* [Given data]
--- --- ---

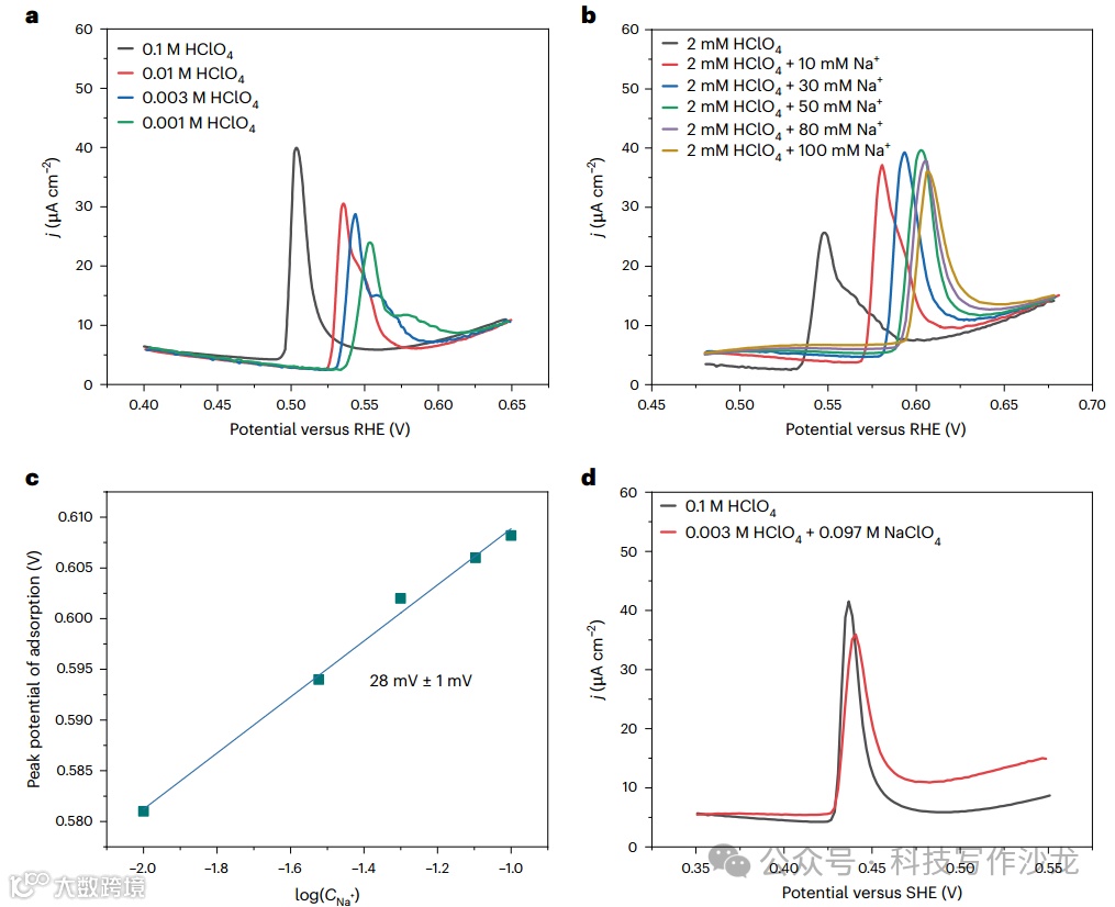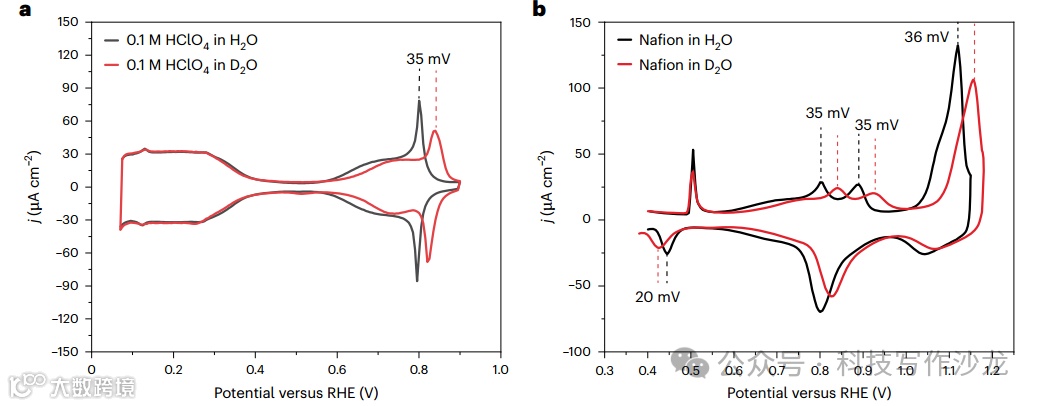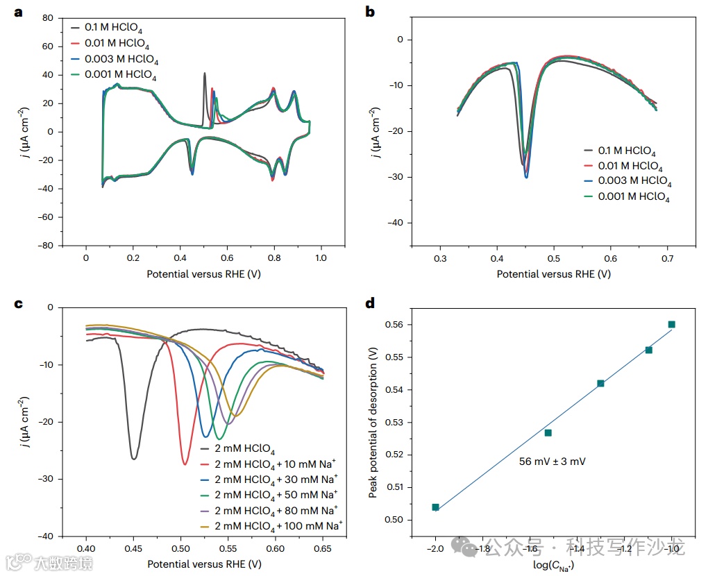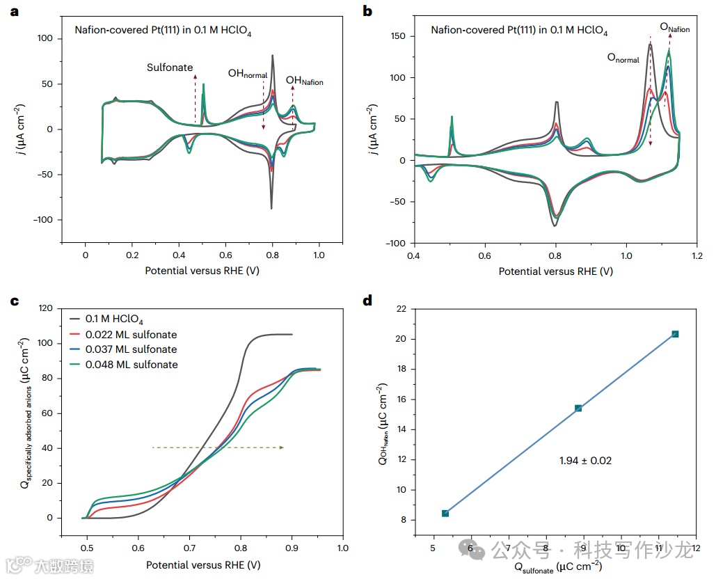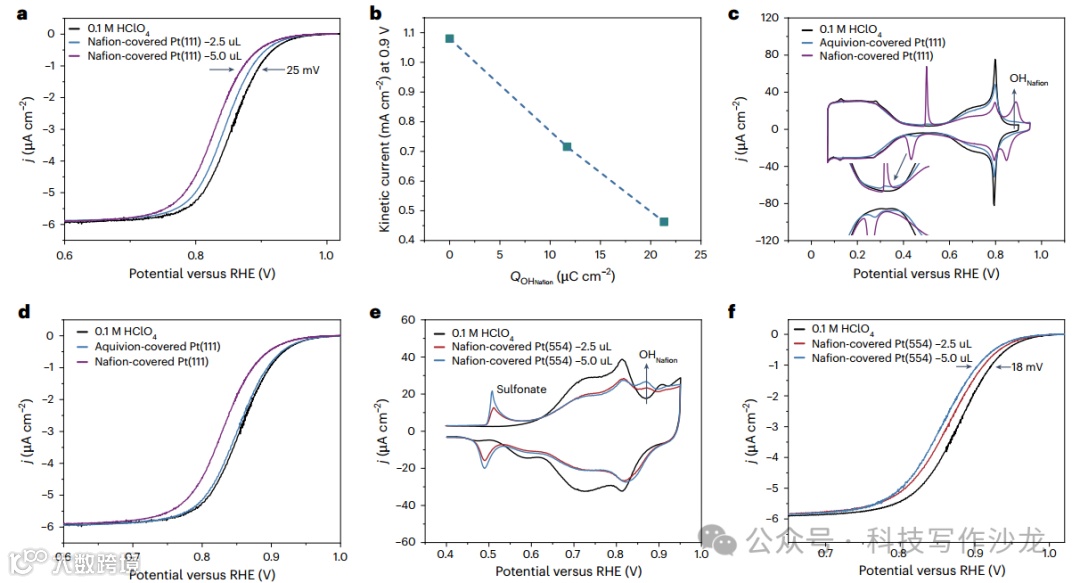 3、动力学分析:通过对比不同条件下ORR活性的变化,揭示了OHNafion和ONafion物种对ORR动力学的负面影响。实验结果表明,Nafion覆盖的Pt(111)表面的ORR活性显著降低,这与OHNafion和ONafion的动力学行为密切相关。
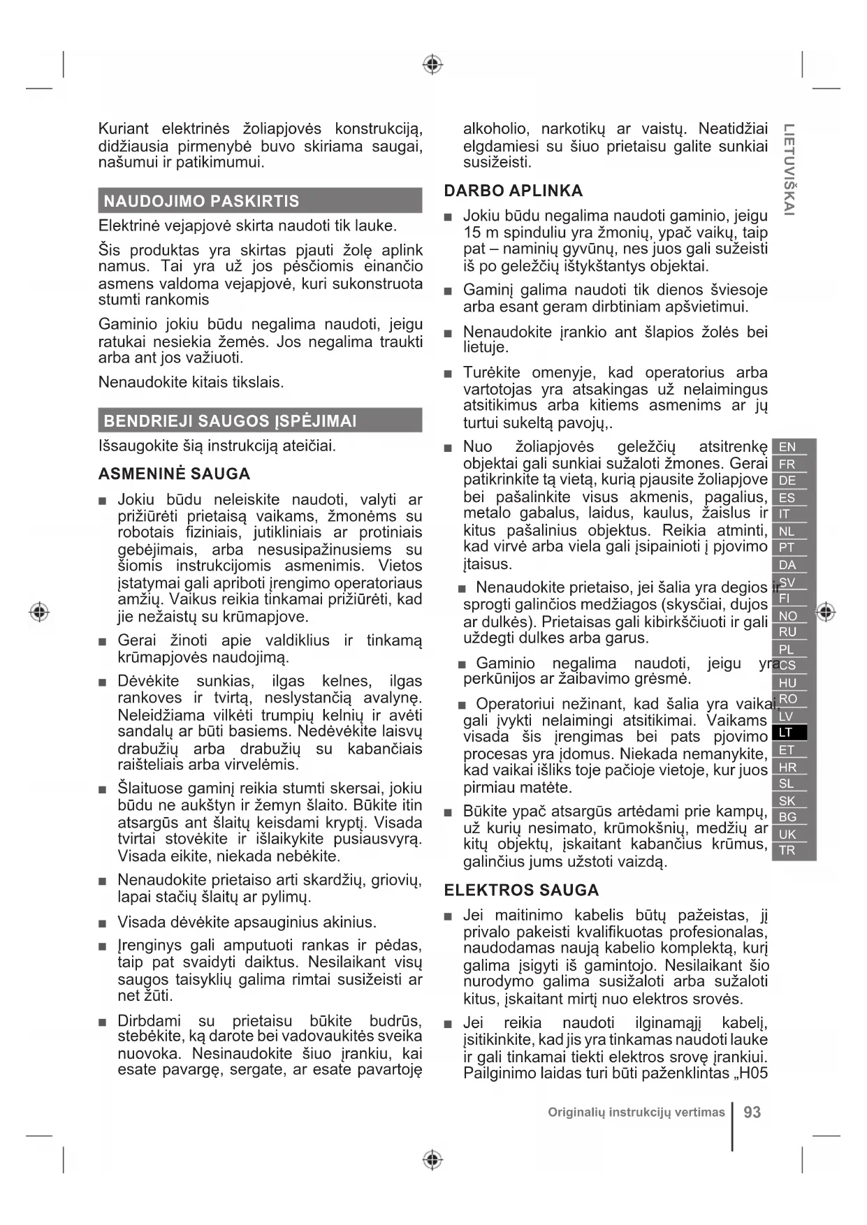 Kuriant elektrinės žoliapjovės konstrukciją, didžiausia pirmenybė buvo skiriama saugai, našumui ir patikimumui. NAUDOJIMO PASKIRTIS Elektrinė vejapjovė skirta naudoti tik lauke. Šis produktas yra skirtas pjauti žolę aplink namus. Tai yra už jos pėsčiomis einančio asmens valdoma vejapjovė, kuri sukonstruota stumti rankomis Gaminio jokiu būdu negalima naudoti, jeigu ratukai nesiekia žemės. Jos negalima traukti arba ant jos važiuoti. Nenaudokite kitais tikslais.
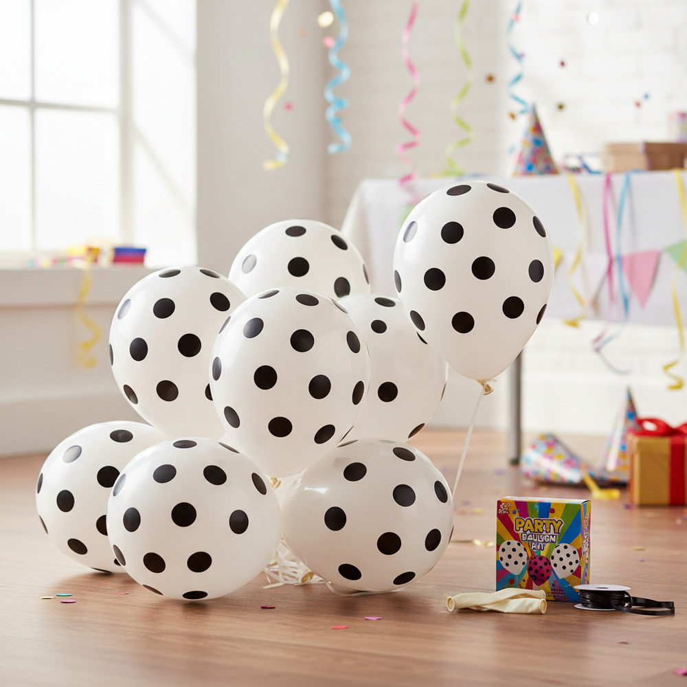 Set Globos Decoración 25 Uds Con Lunares ( Puntos Negros )
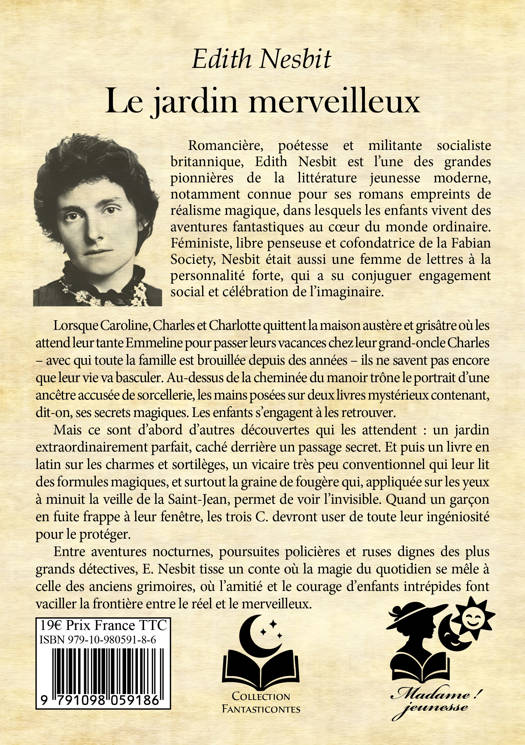 Lorsque Caroline, Charles et Charlotte quittent la maison austère et grisâtre où les attend leur tante Emmeline pour passer leurs vacances chez leur grand-oncle Charles – avec qui toute la famille est brouillée depuis des années – ils ne savent pas encore que leur vie va basculer. Au-dessus de la cheminée du manoir trône le portrait d’une ancêtre accusée de sorcellerie, les mains posées sur deux livres mystérieux contenant, dit-on, ses secrets magiques. Les enfants s’engagent à les retrouver. Mais ce sont d’abord d’autres découvertes qui les attendent : un jardin extraordinairement parfait, caché derrière un passage secret. Et puis un livre en latin sur les charmes et sortilèges, un vicaire très peu conventionnel qui leur lit des formules magiques, et surtout la graine de fougère qui, appliquée sur les yeux à minuit la veille de la Saint-Jean, permet de voir l’invisible. Quand un garçon en fuite frappe à leur fenêtre, les trois C. devront user de toute leur ingéniosité pour le protéger. Entre aventures nocturnes, poursuites policières et ruses dignes des plus grands détectives, E. Nesbit tisse un conte où la magie du quotidien se mêle à celle des anciens grimoires, où l’amitié et le courage d’enfants intrépides font vaciller la frontière entre le réel et le merveilleux.

--- --- ---

* [What is expected] Any picture in the material is to be left out, and everything else is to be retyped as is.

* [Written answer]
 3、动力学分析:通过对比不同条件下ORR活性的变化,揭示了OHNafion和ONafion物种对ORR动力学的负面影响。实验结果表明,Nafion覆盖的Pt(111)表面的ORR活性显著降低,这与OHNafion和ONafion的动力学行为密切相关。
 Kuriant elektrinės žoliapjovės konstrukciją, didžiausia pirmenybė buvo skiriama saugai, našumui ir patikimumui. NAUDOJIMO PASKIRTIS Elektrinė vejapjovė skirta naudoti tik lauke. Šis produktas yra skirtas pjauti žolę aplink namus. Tai yra už jos pėsčiomis einančio asmens valdoma vejapjovė, kuri sukonstruota stumti rankomis Gaminio jokiu būdu negalima naudoti, jeigu ratukai nesiekia žemės. Jos negalima traukti arba ant jos važiuoti. Nenaudokite kitais tikslais.
 Set Globos Decoración 25 Uds Con Lunares ( Puntos Negros )
 Lorsque Caroline, Charles et Charlotte quittent la maison austère et grisâtre où les attend leur tante Emmeline pour passer leurs vacances chez leur grand-oncle Charles – avec qui toute la famille est brouillée depuis des années – ils ne savent pas encore que leur vie va basculer. Au-dessus de la cheminée du manoir trône le portrait d’une ancêtre accusée de sorcellerie, les mains posées sur deux livres mystérieux contenant, dit-on, ses secrets magiques. Les enfants s’engagent à les retrouver. Mais ce sont d’abord d’autres découvertes qui les attendent : un jardin extraordinairement parfait, caché derrière un passage secret. Et puis un livre en latin sur les charmes et sortilèges, un vicaire très peu conventionnel qui leur lit des formules magiques, et surtout la graine de fougère qui, appliquée sur les yeux à minuit la veille de la Saint-Jean, permet de voir l’invisible. Quand un garçon en fuite frappe à leur fenêtre, les trois C. devront user de toute leur ingéniosité pour le protéger. Entre aventures nocturnes, poursuites policières et ruses dignes des plus grands détectives, E. Nesbit tisse un conte où la magie du quotidien se mêle à celle des anciens grimoires, où l’amitié et le courage d’enfants intrépides font vaciller la frontière entre le réel et le merveilleux.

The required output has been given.